Since I don't think I can predict future values of Dow Jones, I slightly modified the definition of PEGG for our simulation purposes. Specifically, rule (a) in the definition is replaced with the following:

(a) We take the (days passed since 2017-05-08)-th integer in the result from the Random Integer Generator by random.org, where the minimum value is 1, the maximum value is 10, and the pregenerated randomization from 2017-05-08 is used (you'll need to switch to Advanced Mode to set this). Call it n.

The first 100 integers produced using the generator are:

10	2	8	8	3
2	9	4	9	5
7	3	8	4	4
8	5	9	3	9
8	2	8	7	2
5	5	4	2	8
2	4	6	4	5
3	4	3	1	5
2	3	5	10	3
7	10	1	8	1
8	3	2	4	2
3	2	10	9	1
7	2	10	2	6
6	6	1	6	6
5	10	5	1	4
8	10	3	2	8
4	2	3	6	3
9	5	7	4	6
6	1	1	6	2
10	6	9	3	9

(The numbers are read from left-to-right, then downwards.)

Using these values, I simulated what happens in the first 100 days in this modified definition of PEGG.

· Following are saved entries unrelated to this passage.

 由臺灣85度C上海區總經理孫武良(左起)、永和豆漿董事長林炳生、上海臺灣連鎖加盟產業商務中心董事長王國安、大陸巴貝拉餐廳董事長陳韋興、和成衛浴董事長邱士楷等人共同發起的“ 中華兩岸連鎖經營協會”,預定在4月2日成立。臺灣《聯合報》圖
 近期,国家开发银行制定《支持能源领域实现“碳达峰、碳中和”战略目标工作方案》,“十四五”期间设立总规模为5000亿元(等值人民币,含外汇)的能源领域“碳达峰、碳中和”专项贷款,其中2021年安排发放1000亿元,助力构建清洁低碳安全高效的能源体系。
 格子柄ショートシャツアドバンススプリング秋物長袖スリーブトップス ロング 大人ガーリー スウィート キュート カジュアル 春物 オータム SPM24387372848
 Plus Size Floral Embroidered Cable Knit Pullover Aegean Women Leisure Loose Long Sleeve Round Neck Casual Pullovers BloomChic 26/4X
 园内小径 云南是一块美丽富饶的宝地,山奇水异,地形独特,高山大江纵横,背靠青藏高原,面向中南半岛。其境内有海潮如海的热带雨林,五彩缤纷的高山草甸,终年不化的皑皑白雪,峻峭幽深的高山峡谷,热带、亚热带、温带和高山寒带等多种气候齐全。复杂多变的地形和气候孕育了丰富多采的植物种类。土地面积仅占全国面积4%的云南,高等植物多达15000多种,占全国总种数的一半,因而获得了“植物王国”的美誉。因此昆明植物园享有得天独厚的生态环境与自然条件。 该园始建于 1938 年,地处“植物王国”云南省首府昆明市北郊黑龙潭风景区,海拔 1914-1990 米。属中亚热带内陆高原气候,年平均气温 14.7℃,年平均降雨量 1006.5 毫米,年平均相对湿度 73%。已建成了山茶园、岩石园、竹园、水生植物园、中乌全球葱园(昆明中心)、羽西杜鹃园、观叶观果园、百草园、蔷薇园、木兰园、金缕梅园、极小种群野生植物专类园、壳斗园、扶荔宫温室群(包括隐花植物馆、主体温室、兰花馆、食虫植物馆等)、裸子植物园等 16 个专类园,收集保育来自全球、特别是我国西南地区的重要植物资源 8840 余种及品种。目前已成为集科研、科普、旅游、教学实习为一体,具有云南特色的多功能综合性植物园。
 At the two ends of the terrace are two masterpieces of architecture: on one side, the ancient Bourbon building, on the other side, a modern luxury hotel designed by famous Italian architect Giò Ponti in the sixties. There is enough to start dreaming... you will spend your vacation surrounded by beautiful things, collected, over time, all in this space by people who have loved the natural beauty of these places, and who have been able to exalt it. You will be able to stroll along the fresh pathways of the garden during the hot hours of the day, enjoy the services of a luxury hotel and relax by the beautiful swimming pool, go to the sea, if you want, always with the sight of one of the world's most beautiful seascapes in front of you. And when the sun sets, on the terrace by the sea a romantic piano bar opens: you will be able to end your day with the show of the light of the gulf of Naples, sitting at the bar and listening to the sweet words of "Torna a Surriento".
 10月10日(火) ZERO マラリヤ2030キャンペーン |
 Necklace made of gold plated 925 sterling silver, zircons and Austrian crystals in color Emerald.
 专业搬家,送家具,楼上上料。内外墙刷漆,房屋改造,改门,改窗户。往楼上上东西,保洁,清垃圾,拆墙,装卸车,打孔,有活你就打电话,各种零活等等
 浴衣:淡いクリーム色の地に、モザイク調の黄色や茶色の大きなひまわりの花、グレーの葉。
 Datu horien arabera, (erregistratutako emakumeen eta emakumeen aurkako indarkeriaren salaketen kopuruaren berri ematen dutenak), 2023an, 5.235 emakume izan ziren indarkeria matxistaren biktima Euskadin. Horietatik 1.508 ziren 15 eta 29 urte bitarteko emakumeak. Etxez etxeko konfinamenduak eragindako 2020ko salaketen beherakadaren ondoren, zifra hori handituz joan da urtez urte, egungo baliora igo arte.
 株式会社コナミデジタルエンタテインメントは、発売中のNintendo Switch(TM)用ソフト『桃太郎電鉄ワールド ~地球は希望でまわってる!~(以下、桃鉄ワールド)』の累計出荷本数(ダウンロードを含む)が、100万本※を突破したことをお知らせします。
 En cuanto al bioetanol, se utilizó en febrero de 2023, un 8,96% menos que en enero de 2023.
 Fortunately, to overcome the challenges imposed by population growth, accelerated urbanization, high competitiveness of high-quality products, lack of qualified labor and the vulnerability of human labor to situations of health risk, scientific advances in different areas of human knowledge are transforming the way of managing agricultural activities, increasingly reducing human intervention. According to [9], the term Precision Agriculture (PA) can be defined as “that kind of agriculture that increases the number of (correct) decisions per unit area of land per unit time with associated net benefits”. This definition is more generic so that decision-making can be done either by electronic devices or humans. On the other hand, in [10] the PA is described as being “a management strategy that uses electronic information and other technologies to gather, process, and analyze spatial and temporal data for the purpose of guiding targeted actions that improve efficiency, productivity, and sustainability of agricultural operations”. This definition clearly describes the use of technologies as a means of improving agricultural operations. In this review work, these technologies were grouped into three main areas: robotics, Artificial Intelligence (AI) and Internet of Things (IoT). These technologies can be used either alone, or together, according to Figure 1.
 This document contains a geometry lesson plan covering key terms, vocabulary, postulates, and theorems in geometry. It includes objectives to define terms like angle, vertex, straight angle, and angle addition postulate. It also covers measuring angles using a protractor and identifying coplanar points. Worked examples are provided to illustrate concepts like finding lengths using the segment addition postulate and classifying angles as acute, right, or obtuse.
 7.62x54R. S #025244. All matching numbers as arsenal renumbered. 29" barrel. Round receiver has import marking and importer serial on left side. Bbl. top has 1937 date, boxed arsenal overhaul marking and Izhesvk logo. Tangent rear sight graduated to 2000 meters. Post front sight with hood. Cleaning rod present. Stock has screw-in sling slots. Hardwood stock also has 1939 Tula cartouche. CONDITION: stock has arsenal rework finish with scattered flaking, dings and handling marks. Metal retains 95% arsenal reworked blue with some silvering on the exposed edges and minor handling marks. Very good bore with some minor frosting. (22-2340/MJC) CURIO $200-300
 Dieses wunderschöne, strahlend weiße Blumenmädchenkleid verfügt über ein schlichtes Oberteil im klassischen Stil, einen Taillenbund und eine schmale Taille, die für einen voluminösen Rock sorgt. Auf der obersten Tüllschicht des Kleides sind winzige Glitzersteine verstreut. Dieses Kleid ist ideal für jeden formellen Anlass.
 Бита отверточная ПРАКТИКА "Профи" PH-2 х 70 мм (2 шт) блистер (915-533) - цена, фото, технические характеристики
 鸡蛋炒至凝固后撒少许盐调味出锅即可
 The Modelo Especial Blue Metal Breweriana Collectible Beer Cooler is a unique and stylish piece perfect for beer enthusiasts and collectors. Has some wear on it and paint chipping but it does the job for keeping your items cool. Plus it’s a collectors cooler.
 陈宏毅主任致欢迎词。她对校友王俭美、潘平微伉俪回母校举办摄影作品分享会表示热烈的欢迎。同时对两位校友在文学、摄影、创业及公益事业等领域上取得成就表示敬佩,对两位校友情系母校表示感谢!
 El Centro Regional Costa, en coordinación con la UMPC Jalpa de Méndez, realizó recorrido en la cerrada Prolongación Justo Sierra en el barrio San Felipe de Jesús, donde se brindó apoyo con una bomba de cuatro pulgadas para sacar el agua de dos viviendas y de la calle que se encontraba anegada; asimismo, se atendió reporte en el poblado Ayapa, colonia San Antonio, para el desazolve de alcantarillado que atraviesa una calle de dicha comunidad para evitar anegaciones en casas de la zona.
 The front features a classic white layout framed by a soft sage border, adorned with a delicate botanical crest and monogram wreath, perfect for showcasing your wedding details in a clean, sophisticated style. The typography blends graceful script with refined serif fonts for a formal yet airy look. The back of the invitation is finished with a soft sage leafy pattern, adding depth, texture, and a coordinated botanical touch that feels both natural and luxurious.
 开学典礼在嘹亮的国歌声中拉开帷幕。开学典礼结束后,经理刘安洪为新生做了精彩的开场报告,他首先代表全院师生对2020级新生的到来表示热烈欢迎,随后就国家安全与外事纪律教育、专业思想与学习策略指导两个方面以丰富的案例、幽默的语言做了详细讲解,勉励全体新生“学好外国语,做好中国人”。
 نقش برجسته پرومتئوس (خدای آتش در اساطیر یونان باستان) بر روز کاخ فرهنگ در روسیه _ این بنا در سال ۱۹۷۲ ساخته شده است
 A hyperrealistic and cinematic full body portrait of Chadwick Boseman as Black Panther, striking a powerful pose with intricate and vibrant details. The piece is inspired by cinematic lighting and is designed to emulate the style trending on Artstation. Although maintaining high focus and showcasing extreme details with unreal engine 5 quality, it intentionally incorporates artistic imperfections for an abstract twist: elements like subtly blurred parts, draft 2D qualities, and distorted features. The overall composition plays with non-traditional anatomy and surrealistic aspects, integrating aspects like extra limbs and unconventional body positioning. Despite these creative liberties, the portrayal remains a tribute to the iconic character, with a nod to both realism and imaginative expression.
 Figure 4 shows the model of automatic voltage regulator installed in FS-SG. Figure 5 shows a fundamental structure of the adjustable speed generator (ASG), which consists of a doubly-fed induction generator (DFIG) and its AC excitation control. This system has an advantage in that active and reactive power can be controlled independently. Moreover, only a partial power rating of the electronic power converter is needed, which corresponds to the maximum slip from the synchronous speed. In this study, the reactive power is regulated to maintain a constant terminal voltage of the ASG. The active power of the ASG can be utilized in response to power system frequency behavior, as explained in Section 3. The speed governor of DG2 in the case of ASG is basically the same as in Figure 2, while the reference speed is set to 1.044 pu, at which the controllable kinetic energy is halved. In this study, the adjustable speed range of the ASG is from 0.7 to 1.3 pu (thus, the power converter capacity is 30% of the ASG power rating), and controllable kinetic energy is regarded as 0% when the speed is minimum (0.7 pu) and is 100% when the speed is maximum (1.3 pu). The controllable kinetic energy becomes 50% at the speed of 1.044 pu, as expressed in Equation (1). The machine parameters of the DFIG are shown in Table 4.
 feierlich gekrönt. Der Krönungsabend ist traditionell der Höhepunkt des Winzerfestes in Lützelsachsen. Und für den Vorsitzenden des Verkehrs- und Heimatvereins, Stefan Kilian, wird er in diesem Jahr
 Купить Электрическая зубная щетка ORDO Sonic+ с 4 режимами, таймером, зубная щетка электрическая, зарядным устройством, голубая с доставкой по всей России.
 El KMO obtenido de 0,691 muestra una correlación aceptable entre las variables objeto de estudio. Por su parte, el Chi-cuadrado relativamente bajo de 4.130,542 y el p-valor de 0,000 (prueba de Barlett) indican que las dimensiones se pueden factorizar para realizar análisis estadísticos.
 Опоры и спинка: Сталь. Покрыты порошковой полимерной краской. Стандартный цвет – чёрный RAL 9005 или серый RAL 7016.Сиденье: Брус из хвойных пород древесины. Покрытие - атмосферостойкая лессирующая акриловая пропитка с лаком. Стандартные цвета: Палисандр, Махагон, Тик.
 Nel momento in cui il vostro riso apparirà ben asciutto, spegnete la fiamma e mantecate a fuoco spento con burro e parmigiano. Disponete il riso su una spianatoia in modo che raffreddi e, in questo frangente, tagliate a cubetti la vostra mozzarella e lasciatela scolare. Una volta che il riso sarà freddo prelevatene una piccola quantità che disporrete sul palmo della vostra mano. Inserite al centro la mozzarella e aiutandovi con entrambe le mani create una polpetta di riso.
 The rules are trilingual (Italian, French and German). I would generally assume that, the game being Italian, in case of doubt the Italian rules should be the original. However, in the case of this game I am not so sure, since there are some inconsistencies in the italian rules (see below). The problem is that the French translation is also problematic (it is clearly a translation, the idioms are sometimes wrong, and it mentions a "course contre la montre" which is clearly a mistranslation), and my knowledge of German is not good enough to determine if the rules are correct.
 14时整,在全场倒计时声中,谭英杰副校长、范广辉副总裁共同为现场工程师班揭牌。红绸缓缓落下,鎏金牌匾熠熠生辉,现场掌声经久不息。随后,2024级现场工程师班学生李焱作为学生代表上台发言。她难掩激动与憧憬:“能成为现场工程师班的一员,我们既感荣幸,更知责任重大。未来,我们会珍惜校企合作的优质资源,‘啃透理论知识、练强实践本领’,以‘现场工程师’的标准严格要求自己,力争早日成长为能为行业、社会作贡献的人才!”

At the beginning, Y = "E", Z = 0.01, and K = 1000. The simulation starts as follows (See this post for the defintion of Letter Notation):

Date Days passed n X Letter Notation PEGG
2017-05-08 0 - 0 E0 1
2017-05-09 1 10 1 E1 10
2017-05-10 2 2 1.04 E1.04 10
2017-05-11 3 8 1.68 E1.68 47
2017-05-12 4 8 2.32 E2.32 208
2017-05-13 5 3 2.41 E2.41 257
2017-05-14 6 2 2.45 E2.45 281
2017-05-15 7 9 3.26 E3.26 1,819
2017-05-16 8 4 3.42 E3.42 2,630
2017-05-17 9 9 4.23 E4.23 16,982
2017-05-18 10 5 4.48 E4.48 30,199
2017-05-19 11 7 4.97 E4.97 93,325
2017-05-20 12 3 5.06 E5.06 114,815
2017-05-21 13 8 5.7 E5.7 501,187
2017-05-22 14 4 5.86 E5.86 724,435
2017-05-23 15 4 6.02 E6.02 1,047,128
2017-05-24 16 8 6.66 E6.66 4,570,881
2017-05-25 17 5 6.91 E6.91 8,128,305
2017-05-26 18 9 7.72 E7.72 52,480,746
2017-05-27 19 3 7.81 E7.81 64,565,422
2017-05-28 20 9 8.62 E8.62 416,869,383
2017-05-29 21 8 9.26 E9.26 1,819,700,858
2017-05-30 22 2 9.3 E9.3 1,995,262,314
2017-05-31 23 8 9.94 E9.94 8,709,635,899
2017-06-01 24 7 10.43 E10.43 26,915,348,039

At this point, we should switch to the letter F, and need to find a value m such that Fm = E10.43. Since rule (e-3) only requires us to reach a certain digits of precision after decimal point (currently 3 digits), we can use, say, binary search to determine the value.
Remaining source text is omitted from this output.